Gulf Oil Lubricants India Ltd – Lubricating Growth with EV Fluids, 95% Capacity Utilisation & a Dividend That’s Slicker Than the Product
1. At a Glance
Gulf Oil Lubricants isn’t just oiling the gears of India’s automotive sector — it’s polishing its financials with steady growth, high returns, and a generous dividend payout.

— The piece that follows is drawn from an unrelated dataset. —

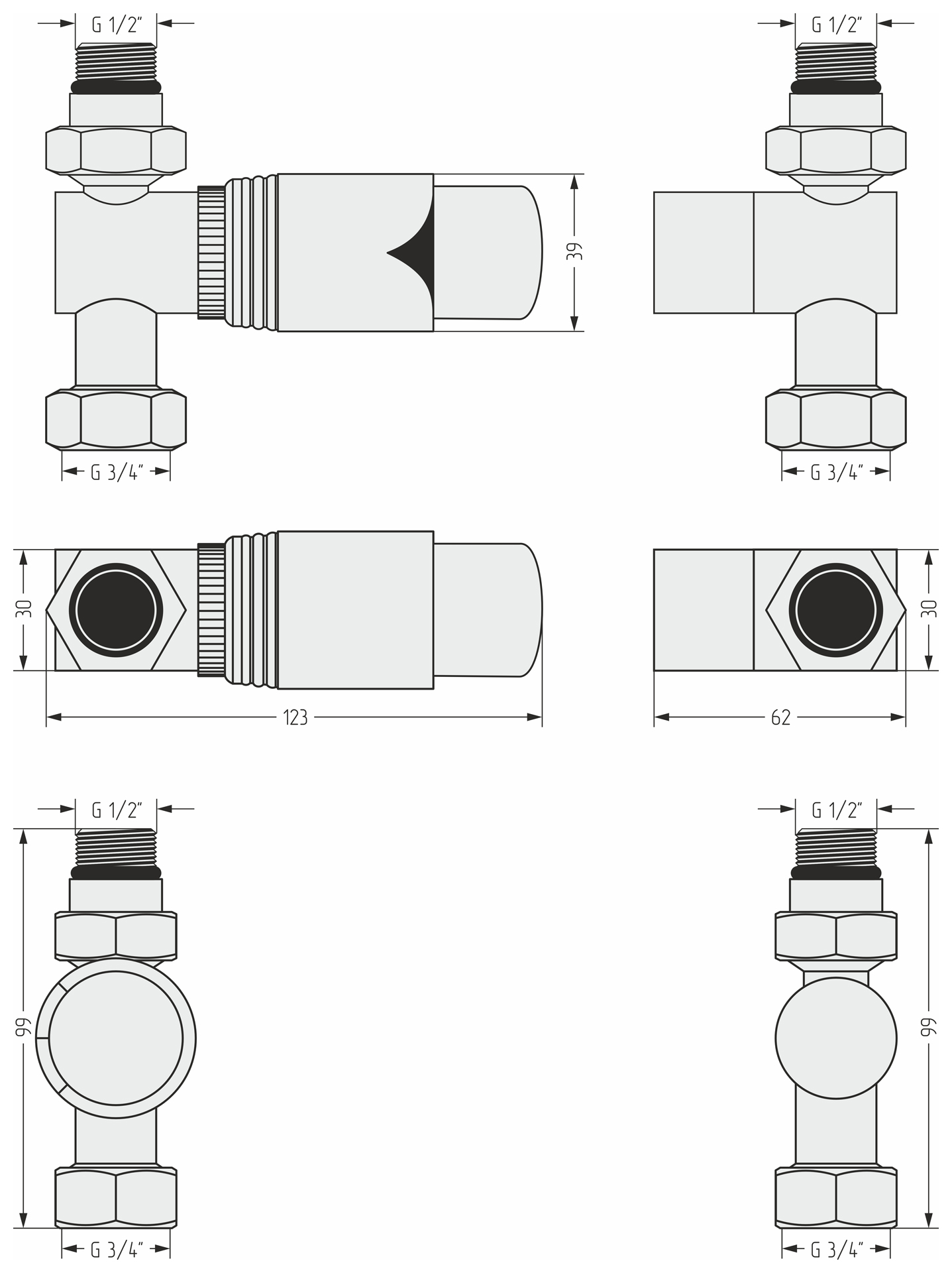 Терморегулятор автоматический Сунержа 1/2"x3/4" НР/НГ набор, прямой, матовый черный - хром (31-1420-6203)

FY25 saw revenue at ₹3,666 Cr, net profit at ₹371 Cr, ROCE at 29.1%, and ROE at 26.3%. It’s among India’s top 3 private lubricant players, and it’s now eyeing higher-margin EV fluids, industrial lubricants, and premium automotive oils for its next phase of growth.
2. Introduction
A brand older than many of its customers’ vehicles, Gulf Oil Lubricants India Ltd has managed to stay relevant in a market dominated by MNCs and PSU oil giants. Its partnerships with OEMs like Hyundai, Tata, Mahindra, Bajaj, and Ashok Leyland give it a steady B2B pipeline, while its 80,000+ retail touchpoints keep the B2C engine humming. In FY24, it ran its manufacturing at 95% capacity, forcing it to greenlight a 70% capacity expansion in FY26.
3. Business Model
Gulf Oil sells both B2C (60% of sales) and B2B (40%) lubricants across:
Automotive Lubricants – diesel engine oils, passenger car motor oils, two-wheeler oils.
Industrial Lubricants – oils for manufacturing, mining, infrastructure equipment.
Specialty Products – marine lubricants, AdBlue (for diesel emission control), and EV fluids.
The company’s EV segment isn’t just marketing fluff — it offers fluids for both pure and hybrid EVs and has invested in ElectreeFi, a charging software platform.